## Required action
Write out the full listing exactly as given, minus the images.

◆ ◆ ◆

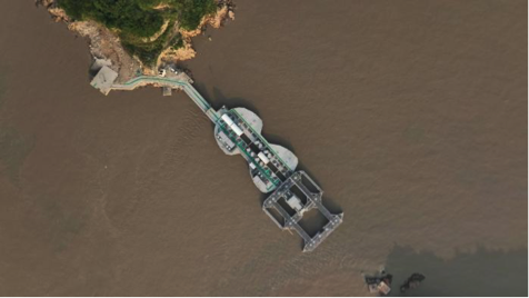 飛越浙江舟山,青山綠水間,中國首座海洋潮流能發(fā)電站就在眼前。發(fā)電機(jī)組總成平臺(tái)狀如一把巨大的“小提琴”,潮漲潮落之際,源源不斷地向國家電網(wǎng)輸送著來自海洋的清潔能源。
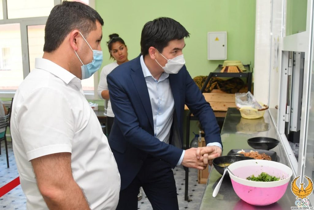 Asosiy jamoalarimiz Tailand va Yaponiyadagi Tokio-2020 litsenzion musobaqasida ishtirok etayotgani bois bazada zaxira sportchilari, yoshlar jamoasi va Tokio-2020 litsenziatlari qolgan. O‘rganishlar natijasida bazadagi kommunal tizim va ovqatlar ratsionida bir qator muammolar mavjudligi maʼlum bo‘ldi. O‘z navbatida, Oybek Kasimov federatsiya mutasaddilariga yuqori kaloriyaga boy, mazali taomlar menyusini qayta ko‘rib chiqish, mavjud shu va boshqa muammolarni bartaraf etish, sportchilarimizning maʼnaviy dunyoqarashlarini oshirish borasida qatʼiy ko‘rsatmalar berdi.
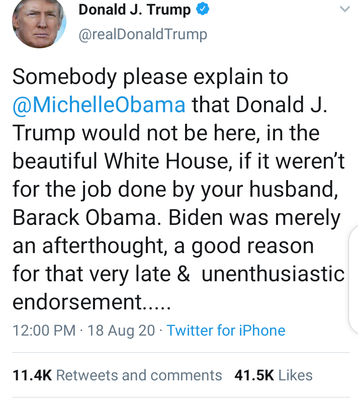 “Somebody please explain to @MichelleObama that Donald J. Trump would not be here, in the beautiful White House, if it weren’t for the job done by your husband, Barack Obama,” Trump tweeted.
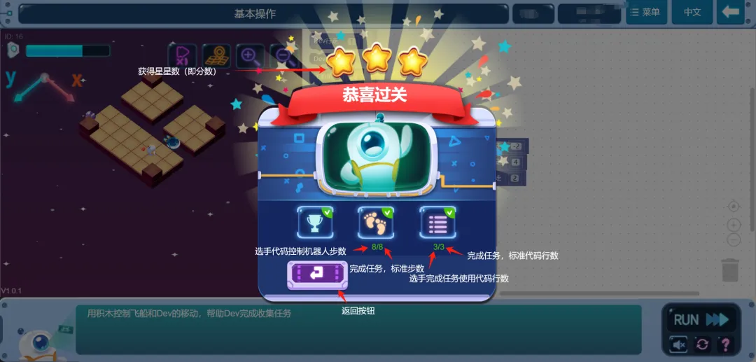 (2) 在顺利完成任务的基础上,使用的代码(积木)行数小于或等于规定值,可以额外获得1分;
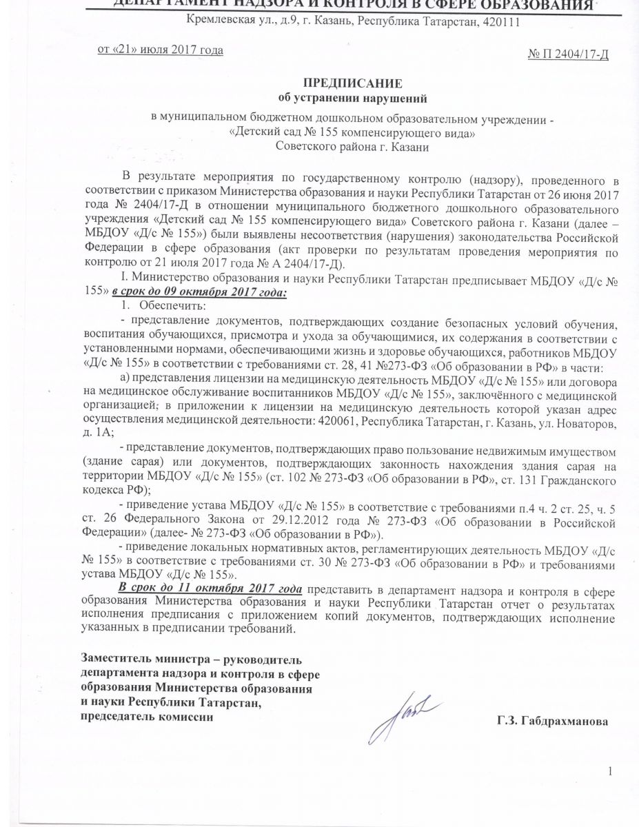 Предписание (Департамента надзора и контроля в образовательной сфере) от 21.07.2017 года
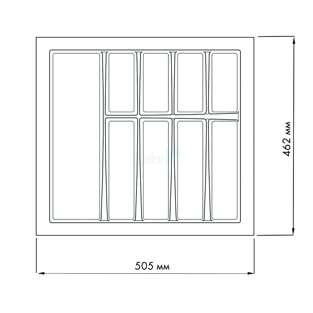 • Лоток имеет практичную форму отделений и узкие края, что позволяет максимально использовать полезное пространство ящика, избавляя от мертвых зон.
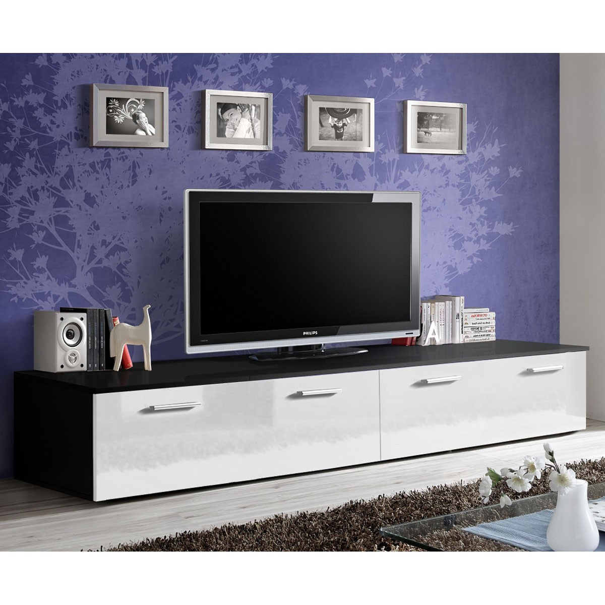 Meuble TV Aapaas 200 cm haut brillant blanc/noir avec LED – design moderne, surface verre pour salon
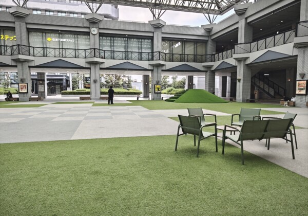 屋根ありで雨天利用OK!吹き抜けで自然光が豊かに差し込む人工芝広場「大阪ベイタワー アトリウム広場」 JRと地下鉄中央線の弁天...
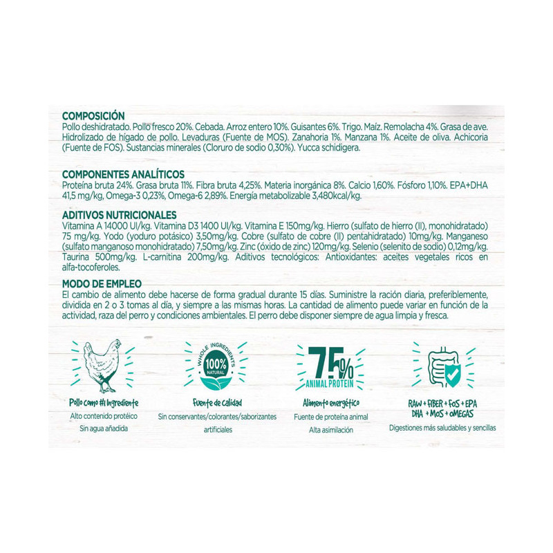 Al igual que ocurre con el resto de recetas Fresh Mediterranean Blend, se trata de un pienso hipoalergénico y monoproteico que propicia mejores digestiones a la vez que mima el paladar de tu perro.

◆ ◆ ◆

## Response
 飛越浙江舟山,青山綠水間,中國首座海洋潮流能發(fā)電站就在眼前。發(fā)電機(jī)組總成平臺(tái)狀如一把巨大的“小提琴”,潮漲潮落之際,源源不斷地向國家電網(wǎng)輸送著來自海洋的清潔能源。
 Asosiy jamoalarimiz Tailand va Yaponiyadagi Tokio-2020 litsenzion musobaqasida ishtirok etayotgani bois bazada zaxira sportchilari, yoshlar jamoasi va Tokio-2020 litsenziatlari qolgan. O‘rganishlar natijasida bazadagi kommunal tizim va ovqatlar ratsionida bir qator muammolar mavjudligi maʼlum bo‘ldi. O‘z navbatida, Oybek Kasimov federatsiya mutasaddilariga yuqori kaloriyaga boy, mazali taomlar menyusini qayta ko‘rib chiqish, mavjud shu va boshqa muammolarni bartaraf etish, sportchilarimizning maʼnaviy dunyoqarashlarini oshirish borasida qatʼiy ko‘rsatmalar berdi.
 “Somebody please explain to @MichelleObama that Donald J. Trump would not be here, in the beautiful White House, if it weren’t for the job done by your husband, Barack Obama,” Trump tweeted.
 (2) 在顺利完成任务的基础上,使用的代码(积木)行数小于或等于规定值,可以额外获得1分;
 Предписание (Департамента надзора и контроля в образовательной сфере) от 21.07.2017 года
 • Лоток имеет практичную форму отделений и узкие края, что позволяет максимально использовать полезное пространство ящика, избавляя от мертвых зон.
 Meuble TV Aapaas 200 cm haut brillant blanc/noir avec LED – design moderne, surface verre pour salon
 屋根ありで雨天利用OK!吹き抜けで自然光が豊かに差し込む人工芝広場「大阪ベイタワー アトリウム広場」 JRと地下鉄中央線の弁天...
 Al igual que ocurre con el resto de recetas Fresh Mediterranean Blend, se trata de un pienso hipoalergénico y monoproteico que propicia mejores digestiones a la vez que mima el paladar de tu perro.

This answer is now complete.